Here’s my third Fun Spelling Facts for Grownups video, in which I try to relate the visible part of our writing system (orthography) to the sounds (phonology) and meanings (morphology) in our spoken language. It’s 7.5 minutes long (yes, I talk too much), but the past tense -ed part is first. Hope it’s useful.

New year, same crappy old Education Department advice

In 2018, my state’s Department of Education and Training (DET) produced a brochure for parents called “Literacy and numeracy tips to help your child every day”.

Its top recommendation for “Helping your child work out difficult words” was to tell them, “Look at the picture. What word makes sense?”

Its authors clearly weren’t across the scientific research on how the brain learns to read, which shows that strong readers read (surprise!) the written words in books. Guessing words from pictures or context is only the strategy of 1. weak readers, and 2. learners trying to read books containing spelling patterns they’ve never been taught (e.g. predictable texts, still sadly widely used in schools).

I wrote a cranky blog post about the DET brochure at the time.

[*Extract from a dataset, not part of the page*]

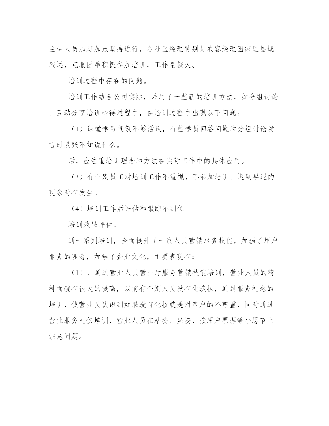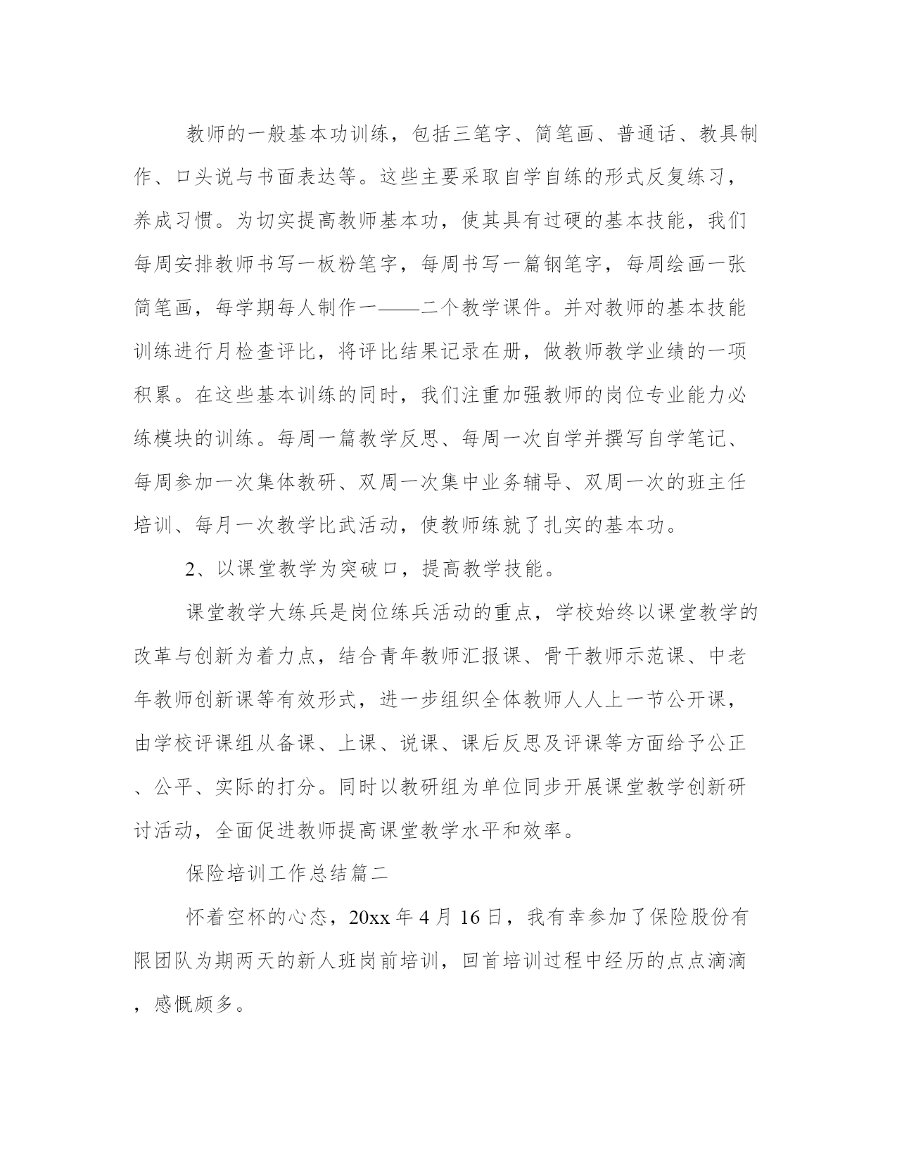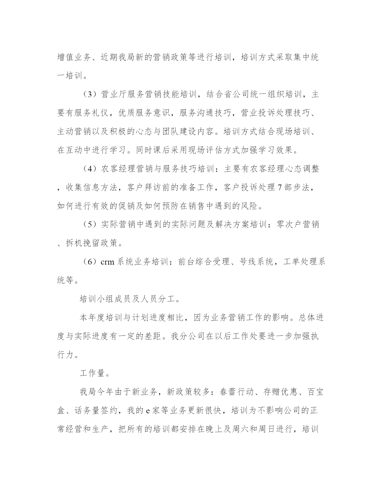 保险培训工作总结(实用20篇)总结是写给人看的,条理不清,人们就看不下去,即使看了也不知其所以然,这样就达不到总结的目的。怎样写总结才更能起到其作用呢?总结应该怎么写呢?下面是小编带来的优秀总结范文,希望大家能够喜欢!保险培训工作总结篇一内训计划,分班次集中授课和现场交流相结合。取得了良好的培训效果。同时组织社区经理,客户经理及营业一线人员进行案例征集活动。上交营销服务案例。最后我公司制定了培训效果评估考核,发放课后培训试题答卷,员工培训调查表及培训考核登记表。培训对象及培训内容。主要培训内容严格按照市公司下发通知精神,同时结合杨凌实际情况组织如下:(1)基础业务及流程(含宽带业务基础知识、最新资费、疑难解答),因我局宽带维护设立专门的数据维护,宽带安装知识不没有在本次培训组织范围内。共计培训课时。(2)新业务培训:因我局市场部设立有固话产品经理、数据产品经理、和小灵通产品经理,针对不同的业务,组织产品经理及内训师共同进行培训,主要对固网彩铃、商务彩铃、一呼双响、农家乐等增值业务、近期我局新的营销政策等进行培训,培训方式采取集中统一培训。(3)营业厅服务营销技能培训,结合省公司统一组织培训,主要有服务礼仪,优质服务意识,服务沟通技巧,营业投诉处理技巧、主动营销以及积极的心态与团队建设内容。培训方式结合现场培训、在互动中进行学习。同时课后采用现场评估方式加强学习效果。(4)农客经理营销与服务技巧培训:主要有农客经理心态调整,收集信息方法,客户拜访前的准备工作,客户投诉处理7部步法,如何进行有效的促销及如何预防在销售中遇到的风险。(5)实际营销中遇到的实际问题及解决方案培训:零次户营销、拆机挽留政策。(6)crm系统业务培训:前台综合受理、号线系统,工单处理系统等。培训小组成员及人员分工。本年度培训与计划进度相比,因为业务营销工作的影响。总体进度与实际进度有一定的差距。我分公司在以后工作处要进一步加强执行力。工作量。我局今年由于新业务,新政策较多:春蕾行动、存赠优惠、百宝盒、话务量签约,我的e家等业务更新很快,培训为不影响公司的正常经营和生产,把所有的培训都安排在晚上及周六和周日进行,培训主讲人员加班加点坚持进行,各社区经理特别是农客经理因家里县城较远,克服困难积极参加培训,工作量较大。培训过程中存在的问题。培训工作结合公司实际,采用了一些新的培训方法,如分组讨论、互动分享培训心得过程中,在培训过程中出现以下问题:(1)课堂学习气氛不够活跃,有些学员回答问题和分组讨论发言时紧张不知说什么。后,应注重培训理念和方法在实际工作中的具体应用。(3)有个别员工对培训工作不重视,不参加培训、迟到早退的现象时有发生。(4)培训工作后评估和跟踪不到位。培训效果评估。通一系列培训,全面提升了一线人员营销服务技能,加强了用户服务的理念,加强了企业文化,主要表现有:(1)、通过营业人员营业厅服务营销技能培训,营业人员的精神面貌有很大的提高,以前有个别人员没有化淡妆,通过服务礼念的培训,使营业员认识到如果没有化妆就是对客户的不尊重,同时通过营业服务礼仪培训,营业人员在站姿、坐姿、接用户票据等小思节上注意问题。另外在营业厅接待用户投诉处理方法上,通过培训也有很大改观,采用用户投诉处理七步法,把大部分用户的对电信服务及其它资费的不理解消灭在萌芽状态。(2)、社区经理(含农客经理)通过”农客经理营销与服务技巧“的培训学习后,首先明确了自己的职责,做为一个社区经理除了正常维护工作外,在营销上还应干什么?如信息收集、客户拜访、客户营销三部曲、投诉处理技巧、促销相关知识等方面有了初步的认识。(3)、强化学习型组的企业文化理念。一、突出重点,抓住主题,为岗位练兵提供保障。以提高教师专业能力为主线,以“构建有效课堂,提升实践能力”为主题,以学校为主体,以教研组、备课组为基本单位,开展基于岗位、基于课堂、基于问题、基于教师发展需求的学习与分析,全面深化校本研修,着力提高教师教书育人的能力,真抓实练,凸显大练兵的时效性,努力为新课程改革服务,为促进学生的全面发展服务,为办好人民满意的教育提供优质的师资保障。二、注重理论学习,加大工作力度,使岗位练兵稳中推进。1、依据文件精神制定本学年岗位练兵。依据xx区中小学岗位大练兵活动实施方案和xx区义务教育课程改革总结表彰暨教师岗位大练兵推进大会精神,结合我校实际情况形成教师岗位大练兵实施方案,制定我校教师岗位练兵。做到计划周密,安排得当。2、加强理论学习,领会精神实质。组织我校教师深入学习了王局长在岗位练兵工作布署会议上的讲话,杨局长在会议明确指出的十项基本功训练内容,重点学习xx区中小学岗位大练兵活动实施方案,布署本校教师岗位大练兵活动,领会精神实质,明确目标与

Then, as my hands were still itching to tear my hair out, I made a free phonics workbook with the same teaching sequence as affordable decodable books, to give parents without much cash a better alternative.

Three years later, parents of five-year-olds have once again been given the same crappy advice in the same brochure, in the 2022 Prep bags. This is the Australian state with the car number-plate slogan “The Education State“, I kid you not.

The brochure only contains the word ‘phonics’ in a section called “Making the most of screen time”, but doesn’t help parents find quality early literacy programs, or consider the difference between them and Reading Eggs, as I have here and here.

There are five nice story books in the Prep bags, suitable for parents to read to children, but not a single decodable book suitable for young beginners to read themselves (unless the book “Hark, It’s Me, Ruby Lee!” is different from “It’s Me, Ruby Lee!” in the Education Minister’s media release).

For a calm, thorough discussion of the difference between the approach recommended by the DET in this brochure, and the approach recommended by reading scientists, see this article: Balanced Literacy or Systematic Reading Instruction? by Prof Pamela Snow.

There has been lots of media discussion about the importance of evidence-based teaching in the early years – recent examples are here, here, and here – and so many wonderful schools and teachers are enthusiastically embracing reading science, that I’d imagined further taxpayer-funded distribution of bad advice to parents wasn’t possible.

Our system not only fails many children with language-based learning difficulties at the start of their education, it bizarrely offers non-evidence-based “Colour Themes” during NAPLAN tests, and this year is making life even harder for the ones who battle on to Year 12, by adding a literacy assessment to the General Achievement Test. The result will be recorded on their graduating certificate for potential employers to see.

Instead of going back to tearing my hair out, I’ve made my January 2019 free Letters and Sounds workbook available again. If you can afford something better, use it instead. If not, and if your child is being taught to read and spell by memorising and guessing words, I hope it helps get them decoding and encoding. The leaflet size Pocket Rockets follow the same phonics teaching sequence, and I think they’re still the cheapest printed decodable books for beginners around.

I look forward to the day when the Victorian DET provides more solidly evidence-based early literacy information and resources to children and parents.